The “plaintiffs failed to provide any specific evidence as to why each unnamed plaintiff should be entitled to proceed anonymously,” the justices added.
The Child Victims Act, which became effective Aug. 14, 2019, extended the statute of limitations to prosecute sexual abuse against children, giving a one-year window for victims to pursue their claims. (The window was later extended for a second year because of the COVID-19 pandemic.) Under the Act, for example, victims up to age 55 who experienced abuse when they were younger than 18 could bring civil suits during the window of time.
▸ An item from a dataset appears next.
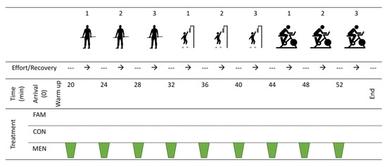 This study employed a randomised crossover design with respect to solution administration; however, performance testing order was kept consistent for all participants to minimise unexplained variance due to possible inhibition or potentiation effects [19,20]. Participants were afforded a familiarisation session for all performance tests, with subsequent testing sessions (Control or Menthol) conducted in a randomised counterbalanced order. Protocols used during the familiarisation session were identical to testing sessions but allowed participant to establish equipment positioning and gain coaching on each test. Prior to commencing all sessions, participants were asked to refrain from alcohol and/or caffeine for a minimum of 12 h, and heavy exercise that may prevent them from producing a ‘best effort’ for a minimum of 24 h. Testing sessions were 60-min in duration and included a 10-min self-selected warm up (Activities included, cycling, joint mobilisation movements, dynamic stretching, body weight squats, submaximal countermovement jumps and cycling sprint efforts), followed by three maximal mid-thigh pulls, countermovement vertical jumps and 6-s cycle ergometer Wingate efforts. Each effort and each exercise type were separated by a 3-min rest period (as per Figure 1). Furthermore, each testing session was separated by two to seven days to allow sufficient wash-out for treatment and any associated delayed onset muscle soreness, similar to other experiments investigating similar interventions upon repeated sprint performance [21]. All procedures were conducted in a climate-controlled laboratory under thermoneutral conditions (22 ± 1 °C) at midday (12 pm–1 pm) to minimise the effects of circadian variability upon performance. Thermoneutral (<28 °C) conditions were chosen to increase the potential transferability of findings to a wider range of sporting environments. Participants provided written informed consent prior to commencing their familiarisation trial. Ethical approval was obtained from the Waikato Institute of Technology Human Research Ethics Group (Approval reference: WTFE1824062018) and the trial was carried out in accordance with the Health Research Council New Zealand ethical guidelines.

Previously the age had been up to age 23.
In the men’s 120-page complaint, they allege that a former school principal and a former faculty member abused then-boys at the school repeatedly in the 1970s and ’80s, and that the school was negligent in never reporting the abuse to the authorities and in failing to take proper action with regard to what occurred.
According to the complaint, a former assistant, associate and then head principal “specifically targeted vulnerable boys” for both sexual and physical abuse, “prey[ing] upon children of Holocaust survivors” and then “implor[ing] these children to not add to their parents’ suffering by telling them about his assaults.”
Moreover, the school official allegedly “used his power as a YUHS administrator to try and keep his victims from reporting his sexual assaults” by, for example, “threaten[ing] to accuse his victims of cheating, to lower their grades, or otherwise harm their scholastic futures.”
“Numerous students nevertheless found the courage to report [the former principal's] sexual abuse to YU and YUHS administrators, but their complaints always fell on deaf ears,” the complaint says.
The former faculty member allegedly was “vicious and sadistic in his abuse.” For example, in 1980 he allegedly “sprayed a young boy’s genital area with Chloraseptic and then violently shoved a toothbrush (with toothpaste)” into the boy. But after the boy and his father reported the act to the school’s vice president, the faculty member was allowed to remain on faculty and law enforcement was never notified about the alleged sodomy, the lawsuit alleges.
Kevin Mulhearn, an attorney in Orangeburg, New York, represents the 38 plaintiffs in the lawsuit. He couldn’t be reached for comment.
Karen Bitar, a Seyfarth Shaw partner in Manhattan, represented the defendants in the appeal, according to the First Department decision. The defendants include the Yeshiva University High School for Boys, members of the school’s board of trustees, and two school officials. Bitar also could not be reached.